Dataset entries
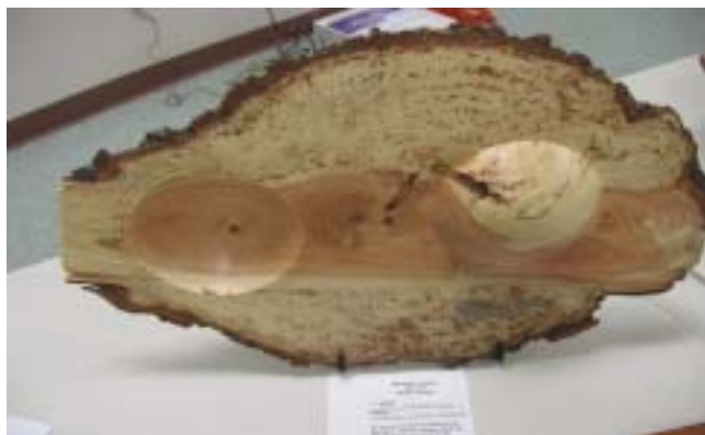
Bill Flewelling's upside down turning
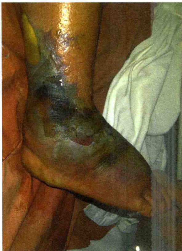
Fig. 1. Severely infected foot

Peripheral vascular disease (PVD) has been reported to be low among Asians (Pendsey 1998) ranging between 3 – 6% as against 25 – 45% in Western world. (Marinelli et al.,1979; Migdalis et al., 1992; Walters et al., 1992). The prevalence of PVD increases with advancing age and is 3.2% below 50 years of age and rises to 55% in those above 80 years of age. Similarly it also increases with increased duration of diabetes, 15% at 10 years and 45% after 40 years (Janka,et al., 1980). In India the number of diabetic patients above the age of 80 years or with the duration of diabetes of more than 30 years is extremely low, thus explaining the low prevalence of PVD in Indian diabetics. (Pendsey 1998).
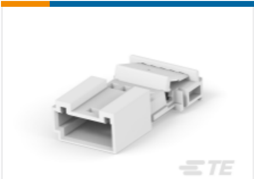
TE Part # 2-968696-3 4POS MQS TAB COD B
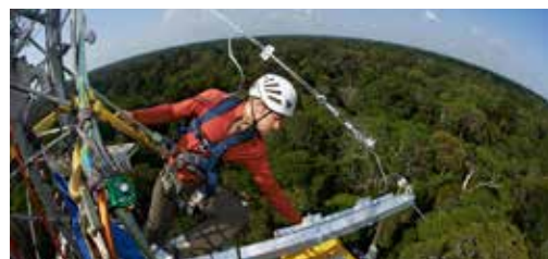
Artist on Location

Opening Reception: Saturday, July 11, 2-4PM A timeless exhibit depicting disappearing wildlife of the Sonoran Desert
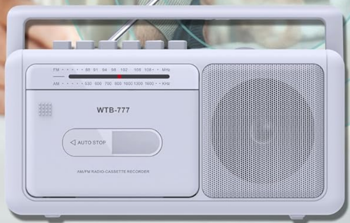
Figure 5: Enjoying AM/FM Radio
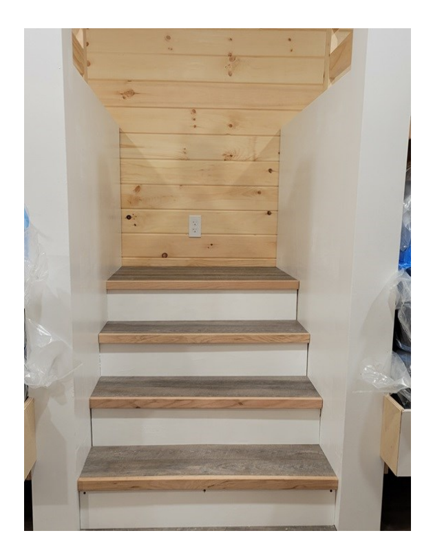
Bunk Bed Stairs
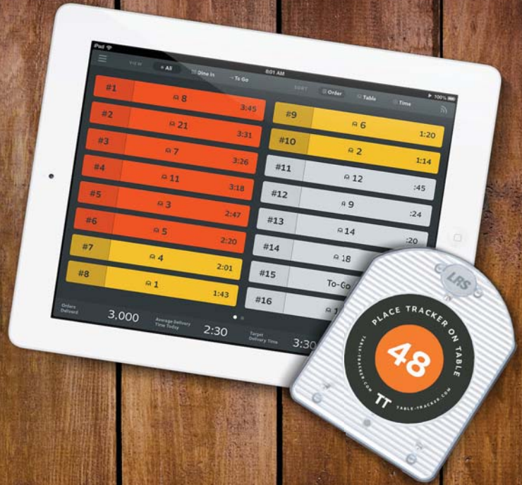
Table Tracker is a table location system that identifies where guests are sitting so you can deliver food faster.
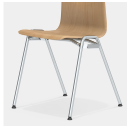
Robust 4-leg frame
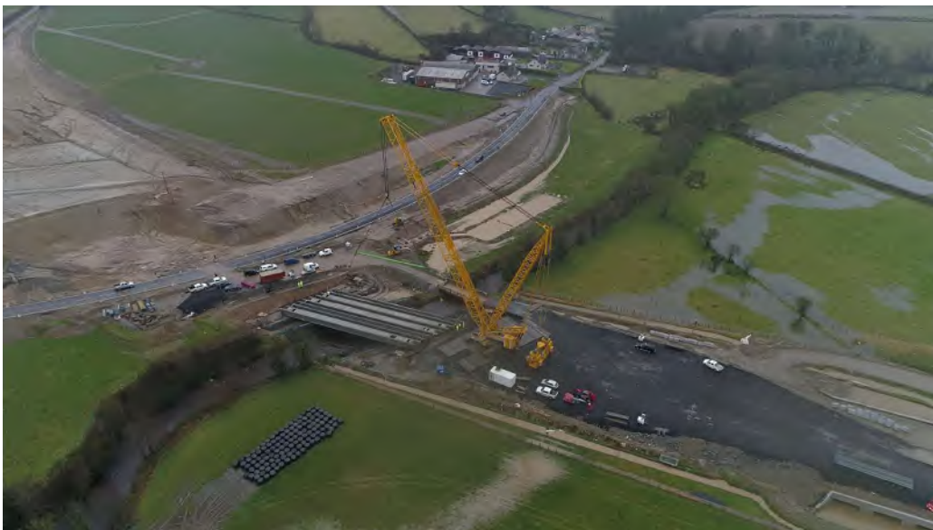
Beams being installed on the Owenrigh River Bridge

For further information on the works and Traffic Management is on the scheme website at: https://a6d2d.com/
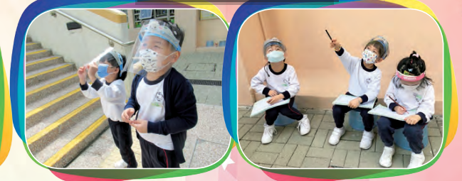
Observing the sky
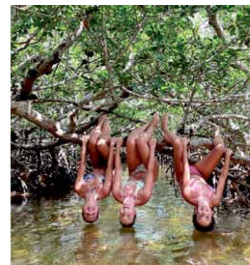
Hanging out in the mangroves
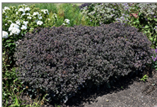
Night Light Stonecrop in bloom

Night Light Stonecrop is recommended for the following landscape applications;
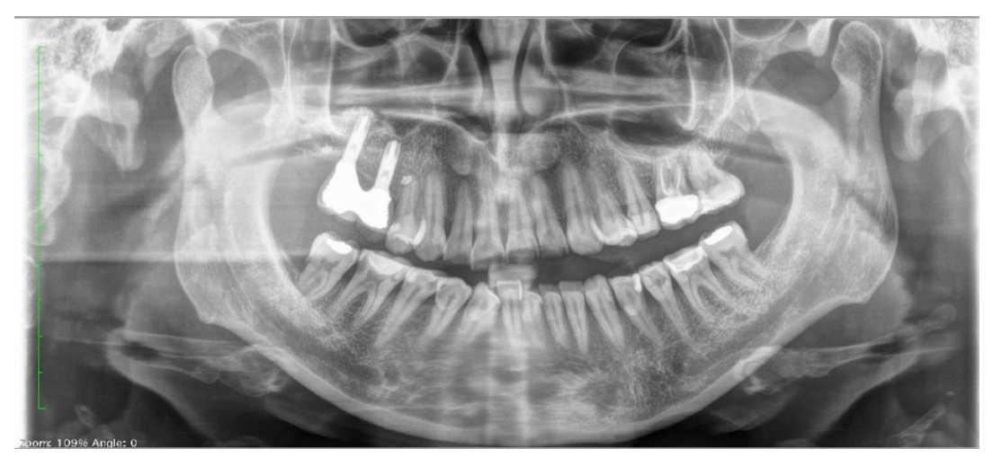
Figure 4. Pretreatment panoramic radiograph.

Clinical and radiographic examinations revealed a good status of the periodontal tissue (Figures 4 and 5).
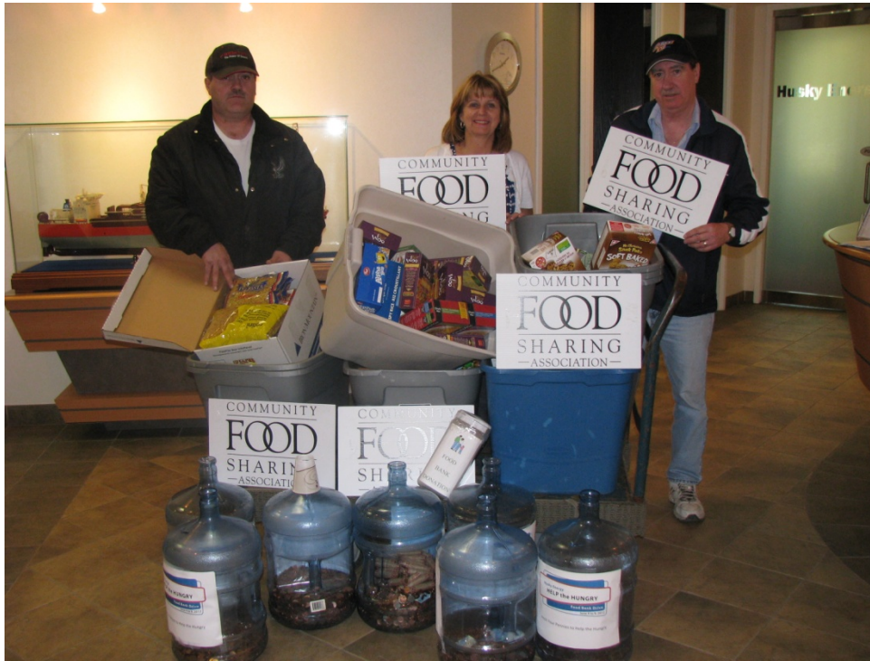
Help the Hungry Campaign – June 2012
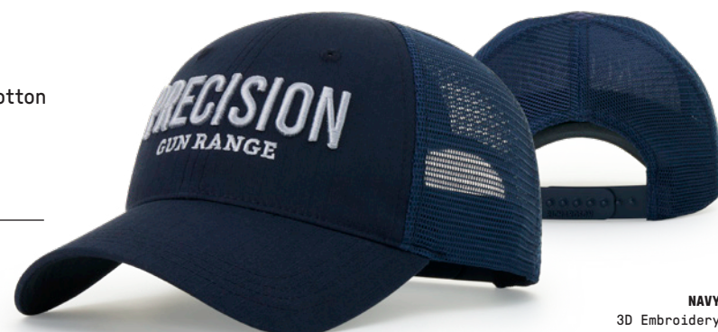
NAVY 3D Embroidery

* [WHAT THE TASK REQUIRES]: Each line in the entries above that includes the string "Night" should be extracted.

* [ANSWER TO THE EXERCISE]:
Night Light Stonecrop in bloom
Night Light Stonecrop is recommended for the following landscape applications;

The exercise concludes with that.